The problem - Restate all the lines below word for word, but omit the pictures.

Data extract -
▬▬▬▬▬▬
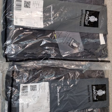 -Mascot bukser str 56. mørkeblå med mellemblå linning. Livvidde 103cm, benlængde 82cm. Sælges samlet for 500kr
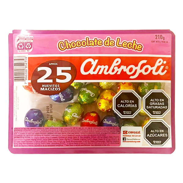 Huevitos de chocolate macizo Ambrosoli bandeja 25 uds cantidad
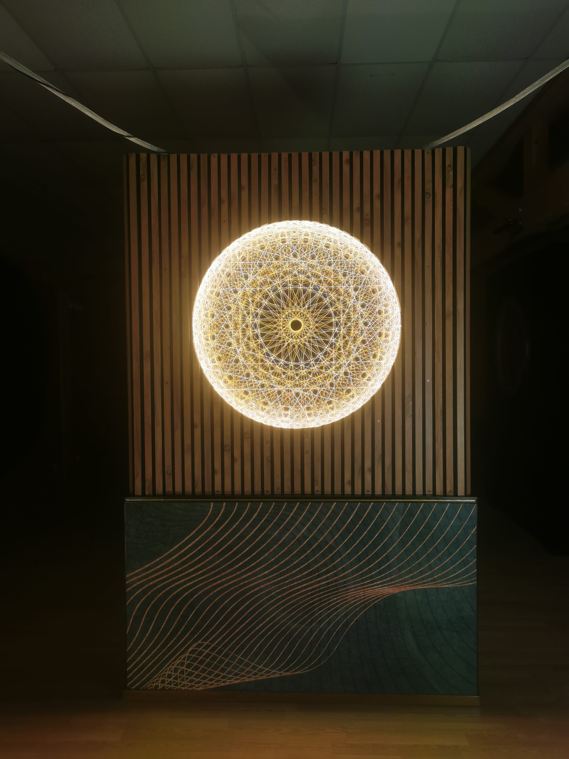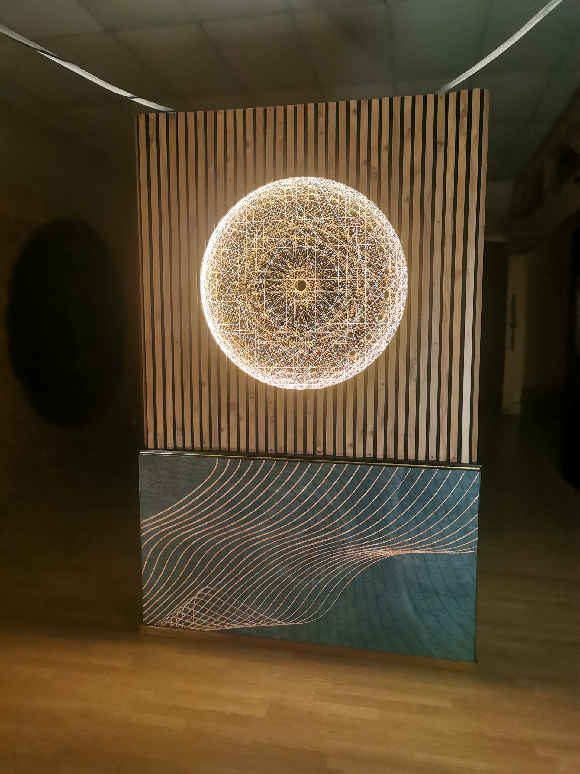 Le projet se définit au cas par cas, avec un maître d’œuvre le cas échéant. Je réalise le cerceau structurel du Tambour, son tissage ainsi que le dispositif électrique et lumineux. Suivant les contraintes, je réalise un cadre supplémentaire destiné à supporter également la/les parois vitrées. Le tout est réalisé de façon à pouvoir être posé et fixé dans une cloison.
▬▬▬▬▬▬
Answer section -
 -Mascot bukser str 56. mørkeblå med mellemblå linning. Livvidde 103cm, benlængde 82cm. Sælges samlet for 500kr
 Huevitos de chocolate macizo Ambrosoli bandeja 25 uds cantidad
 Le projet se définit au cas par cas, avec un maître d’œuvre le cas échéant. Je réalise le cerceau structurel du Tambour, son tissage ainsi que le dispositif électrique et lumineux. Suivant les contraintes, je réalise un cadre supplémentaire destiné à supporter également la/les parois vitrées. Le tout est réalisé de façon à pouvoir être posé et fixé dans une cloison.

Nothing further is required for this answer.